**** Information supplied ****

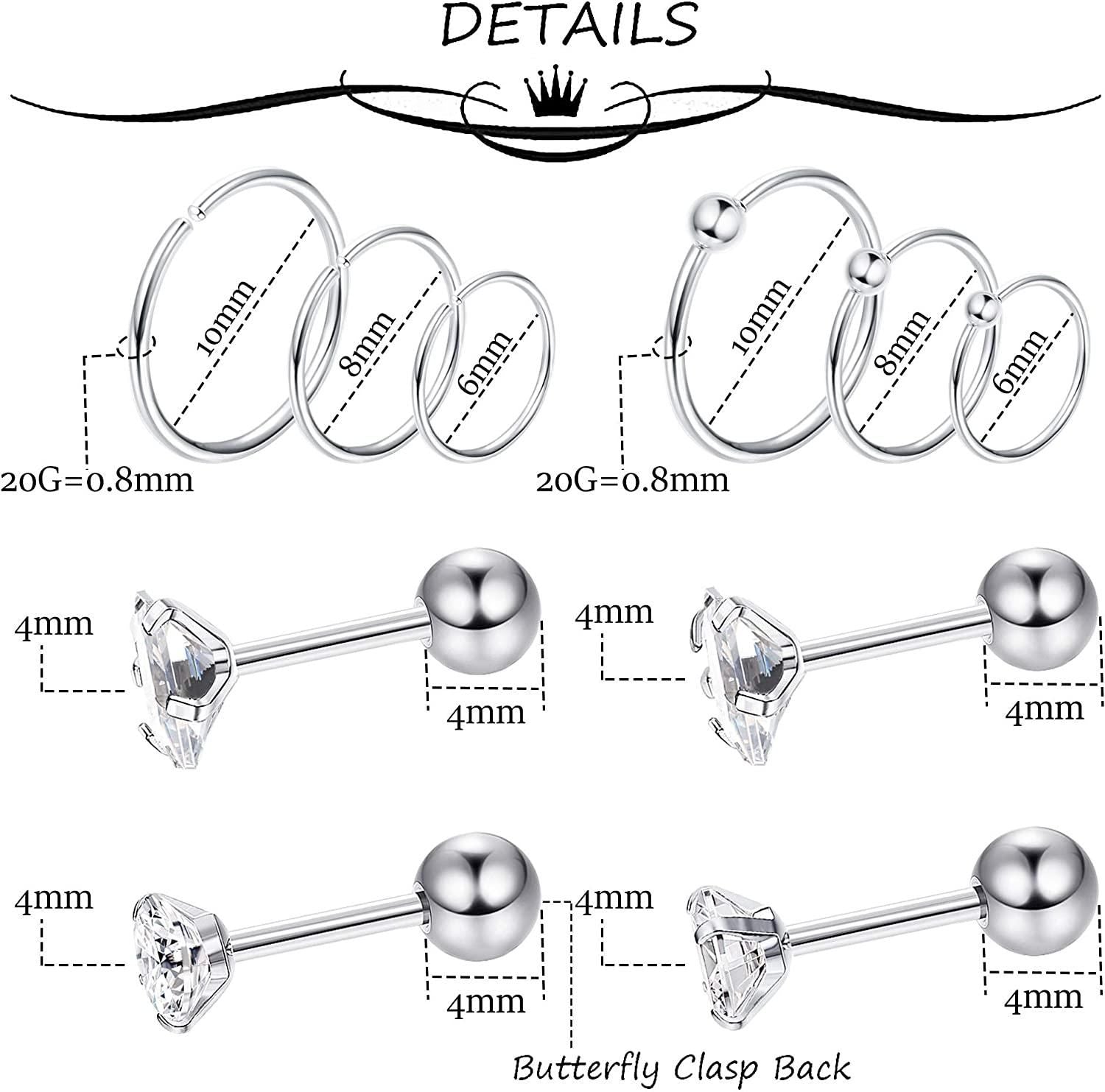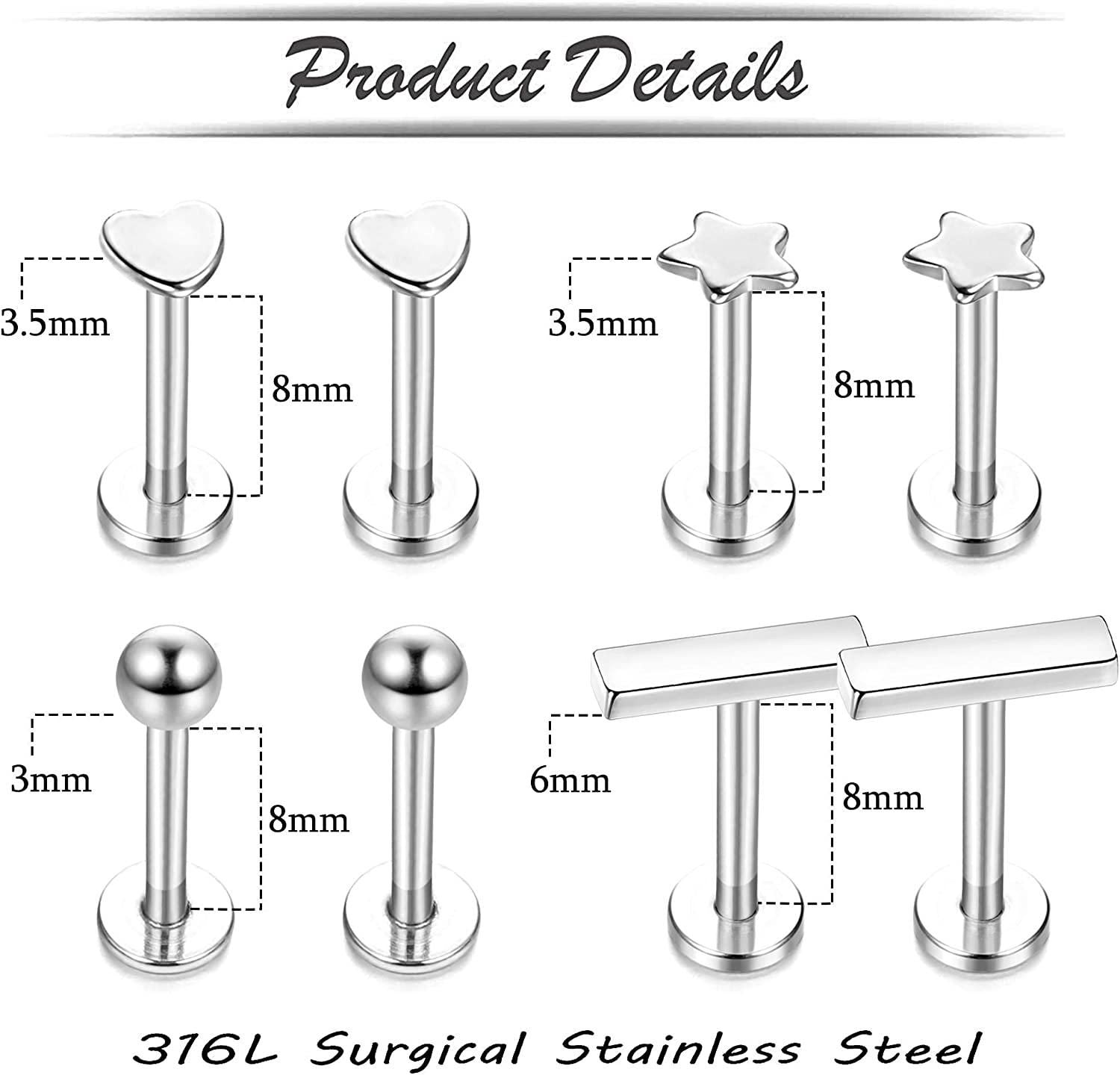 Gauge&Size:16G(1.2mm); Wearable Bar Length: 8mm; Regular Piercing Gauge and Length for Most of the People.All in Silver Tone.Classic and Popular; Never Fade or Rust.Comfortable to Use.Give you Different Kinds of Choices
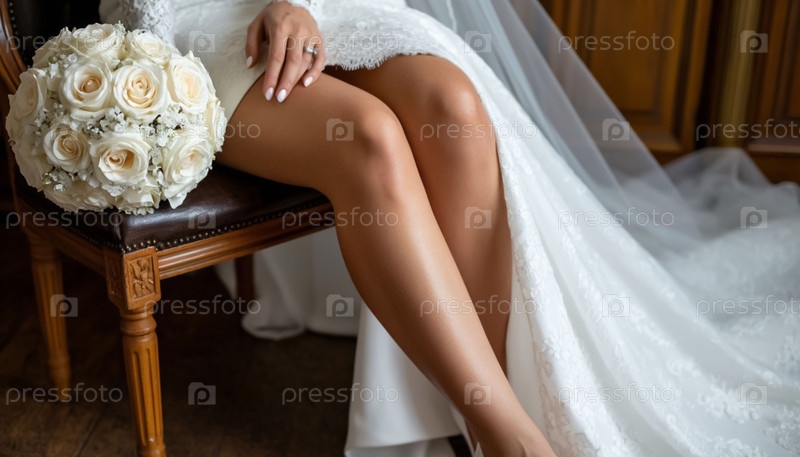 Ноги невесты подглядывают из-под свадебного платья до колен
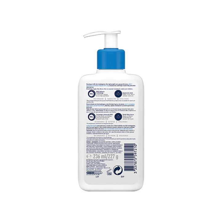 Descripción. La loción hidratante restaura y protege la barrera natural de la piel. Con una textura ultra ligera y potenciando por su formula con 3 ceramidas esenciales, mantiene la piel del rostro y cuerpo hidratada por 24h. Desarrollado con dermatólogos, la loción hidratante con textura ultra lige...

****

I'd like the material duplicated exactly, without its pictures.

Result for this task =>
 Gauge&Size:16G(1.2mm); Wearable Bar Length: 8mm; Regular Piercing Gauge and Length for Most of the People.All in Silver Tone.Classic and Popular; Never Fade or Rust.Comfortable to Use.Give you Different Kinds of Choices
 Ноги невесты подглядывают из-под свадебного платья до колен
 Descripción. La loción hidratante restaura y protege la barrera natural de la piel. Con una textura ultra ligera y potenciando por su formula con 3 ceramidas esenciales, mantiene la piel del rostro y cuerpo hidratada por 24h. Desarrollado con dermatólogos, la loción hidratante con textura ultra lige...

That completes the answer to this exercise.